但《天可等》的故事让这个家庭走到了一起,她说。“这让我们团聚了,”她说。“在我们的有生之年,它会让我们在一起。”
十年前,凯利的家人开始了调查船员命运的项目,当时,凯利的表兄、伊利诺伊大学厄巴纳-香槟分校(University of Illinois at Urbana-Champaign)教授奥尔索斯开始深入研究这个故事。
四年多来,凯利的亲属收集了大量数据,奥尔索斯编写了一份关于轰炸机及其机组人员命运的详细报告。
2016年,这家人联系了“恢复项目”(原BentProp项目),这是斯克里普斯海洋研究所和特拉华大学之间的一个勘探合作项目。
阿尔索斯于2017年7月31日向该组织提交了他的报告,随后的10月,“恢复计划”发起了一次探险,并在新几内亚附近的深水中确定了飞机的位置。
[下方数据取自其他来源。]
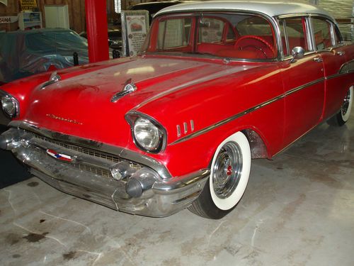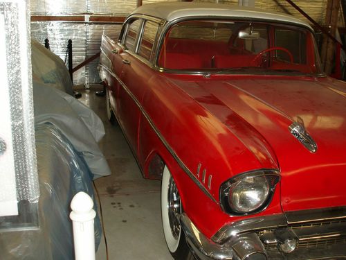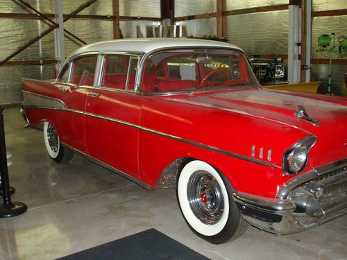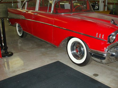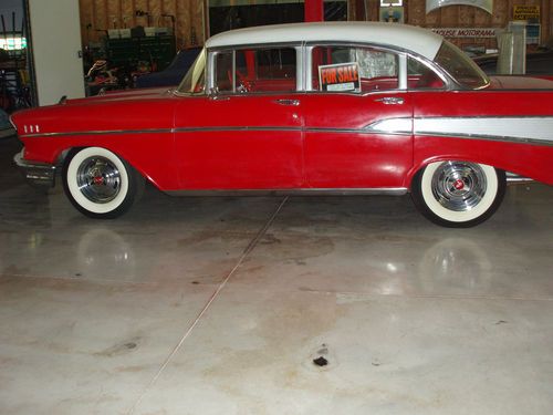 1957 Chevy 4 Dr. 283 Powerglide Coker Wide Whites Cragar Astro Wheels Duals on 2040-cars

“他们自己出去看看能找到什么,”他说。“他们让这一切成为可能。”
但对于标准的考古潜水来说,残骸太深了,海军实验潜水单位提出了帮助。
今年3月,美国海军派出了一支精英潜水队,并携带便携式SAT FADS(饱和飞离潜水系统)前往现场。
潜水设备有点像空间站,包括潜水员在船上居住的加压栖息地,以及他们用来到达底部的加压潜水钟。
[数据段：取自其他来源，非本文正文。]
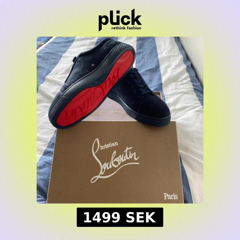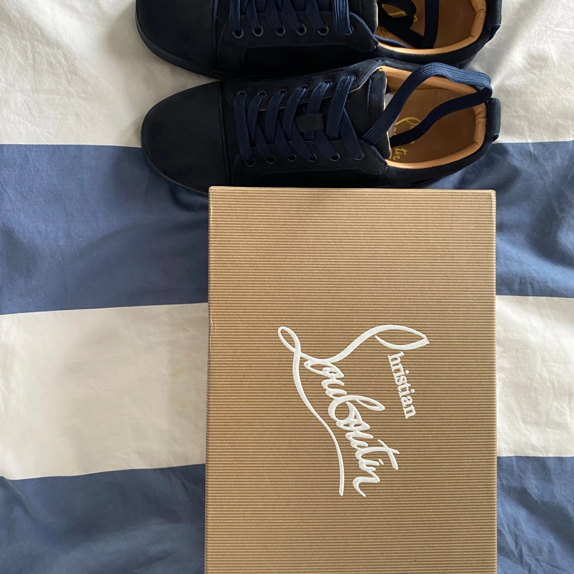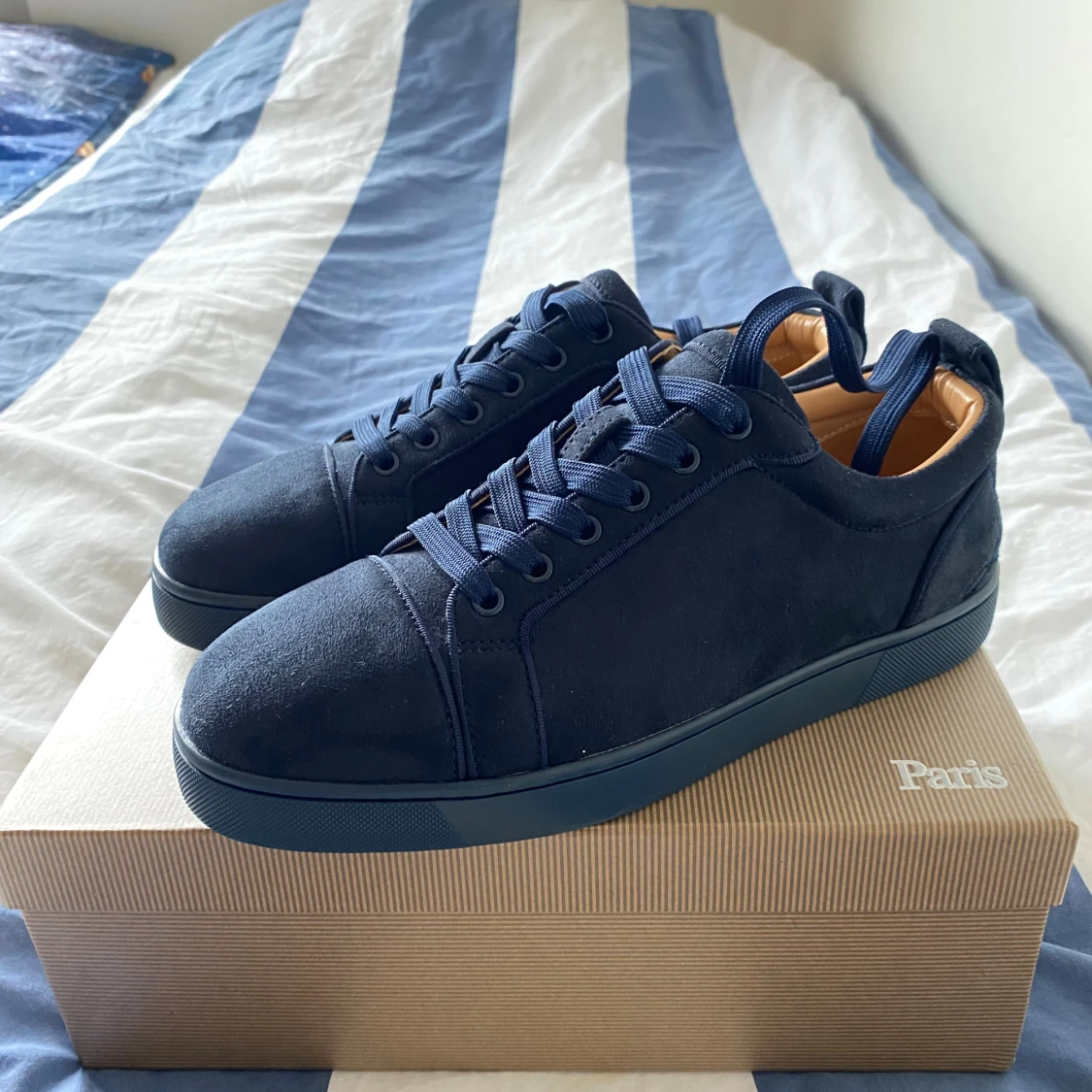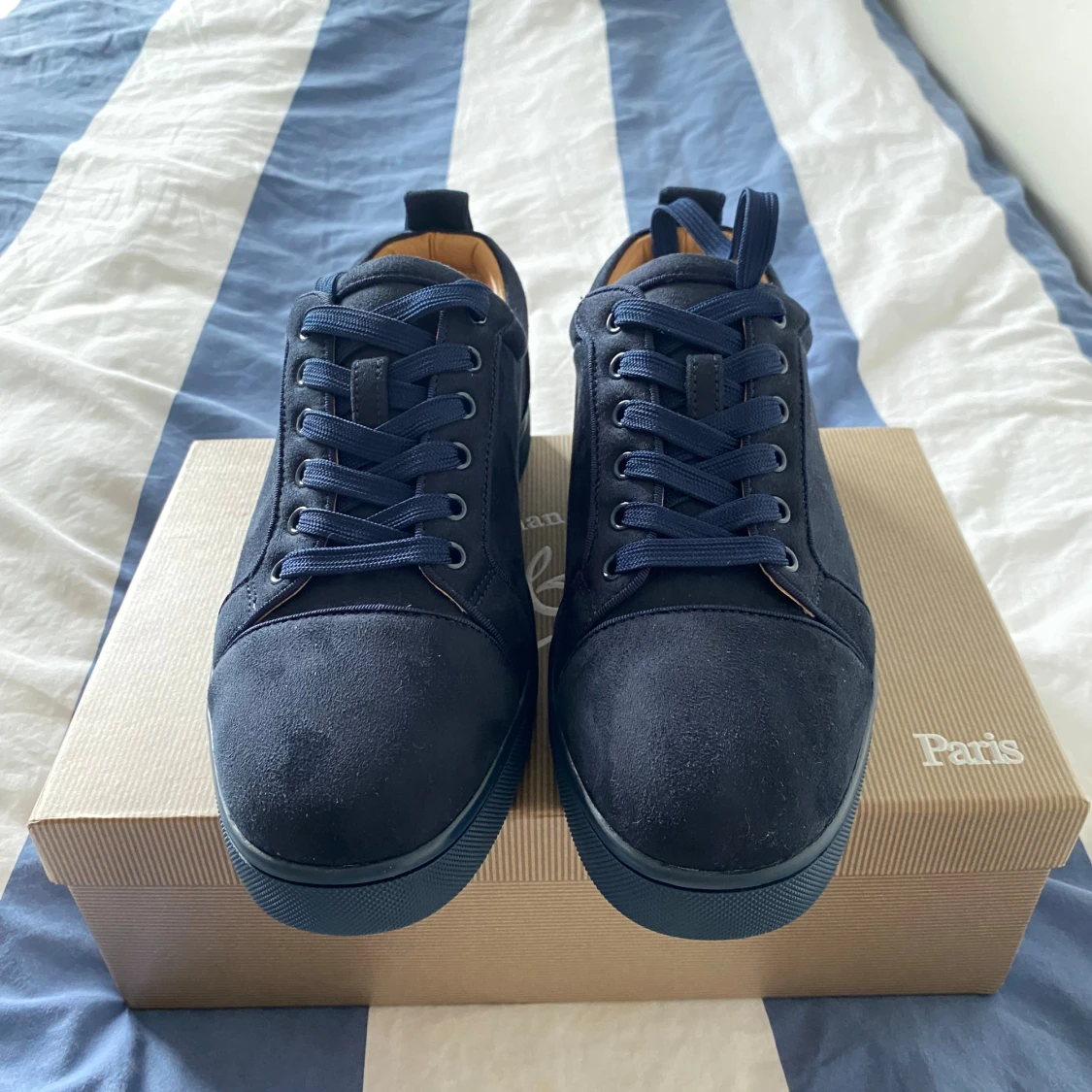 Snygga mörkblå sneakers från Christian Louboutin i mocka med klassisk röd sula. Skorna har rund tå, platt sula och snörning. Insidan är fodrad i beige läder för extra komfort. Perfekta för dig som vill ha en lyxig och stilren look.

美国海军表示,该系统允许他们在深水压力下长时间工作,而不必在每次潜水后减压。他们只需要在项目结束时进行解压。
一到海底,潜水员们就离开了钟。他们不得不锯开一些残骸,用真空把坠机现场的材料装进大篮子里。篮子被拖到船上,里面的东西被筛选出来寻找文物。
DPAA的斯特拉顿说,该小组在甲板上的一个大型信息板上保存了轰炸机机组人员的姓名和照片。“这只是一个小小的提醒,提醒我们在做什么,以及我们是为谁做的,”他说。
这是DPAA迄今为止进行的最深的水下搜寻任务。DPAA是一个政府机构,旨在寻找在过去的战争中失踪的军人。海军说,这是SAT FADS系统第一次被用于这样的任务。
结果“完全超出了我的想象……奥尔索斯说,并补充说,我对DPAA和海军的工作“主要的感觉是感激”。他说,潜水是危险、艰苦和费力的。
《天堂可以等待》(Heaven Can Wait)可能是以1943年的一部电影命名的,它在执行轰炸日本在新几内亚的一个目标的任务时被高射炮击中。机尾断了,飞机坠入水中。
当它坠落时,有三个人影跳出来。残骸在水面上燃烧并下沉,留下一大片浮油。没有幸存者。
飞机上的11人被列为战死。战争结束后,经过美国坟墓登记局的调查,他们的尸体被宣布无法取回。